Il fait très froid, un vent glacial n'incite pas à la pause et à ouvrir la carte, on monte au jugé vers l'objectif dans un relief formé de vallonnements successifs... Pour sortir d'un de ces vallons on se retrouve à devoir franchir un dorsale par une pente d'environ 30m de dénivelé à 30-35° de moyenne (localement plus) située sous le vent. Il y a de grosses accumulations dans le fond du vallon, la pente est recouverte de neige fraiche difficile d'évaluer sa nature du bas.

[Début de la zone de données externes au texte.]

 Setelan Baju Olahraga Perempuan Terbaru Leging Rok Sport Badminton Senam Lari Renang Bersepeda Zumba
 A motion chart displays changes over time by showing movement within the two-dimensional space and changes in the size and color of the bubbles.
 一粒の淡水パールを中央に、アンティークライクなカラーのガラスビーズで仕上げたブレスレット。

Avant d'attaquer la première traversée pour affronter cette petite pente, on prend des distances, une fois dans la pente, elle me semble saine (5-10cm de neige fraiche à faible cohésion et mes skis portes sur la sous-couche dure) par contre sous la crête de la dorsale la neige change de nature : on distingue nettement une accumulation de neige. J'hésite un instant avant de m'engager sur l'accumulation : j'évalue la trajectoire de l'avalanche en cas de déclenchement, la position du reste du groupe ainsi que l'alternative consistant à modifier la trace pour contourner cette plaque. Et finalement je pose un ski sur l'accumulation le charge, et ca craque...

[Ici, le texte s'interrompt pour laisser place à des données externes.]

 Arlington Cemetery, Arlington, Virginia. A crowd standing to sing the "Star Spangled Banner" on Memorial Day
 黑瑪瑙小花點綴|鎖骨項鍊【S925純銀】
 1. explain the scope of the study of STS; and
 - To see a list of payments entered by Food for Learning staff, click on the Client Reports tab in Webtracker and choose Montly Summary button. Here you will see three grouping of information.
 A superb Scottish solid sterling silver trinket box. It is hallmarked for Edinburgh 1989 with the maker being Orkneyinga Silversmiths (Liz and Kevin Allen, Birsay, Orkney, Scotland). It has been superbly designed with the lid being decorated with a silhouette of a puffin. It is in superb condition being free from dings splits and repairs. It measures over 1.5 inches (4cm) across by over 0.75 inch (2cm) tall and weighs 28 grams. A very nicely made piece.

Je suis très rapidement déséquilibré, je descends relativement lentement (la pente est autour de 30°-35°) la tête avant, pas grand chose à faire, je gesticule autant que possible pour garder la tête dehors, ca s’arrête, je suis allongé sur le ventre, la tête vers le bas, j'ai la tête et les épaules dehors ainsi qu'un bras de libres mais les 30-40cm qui me recouvrent m’immobilisent. Guillaume aura vite fait de me dégager en quelques coups de pelles. Seul cela aurait été une autre affaire !
Bref tout se finit bien, on continue jusqu'au col, en évitant soigneusement les accumulations...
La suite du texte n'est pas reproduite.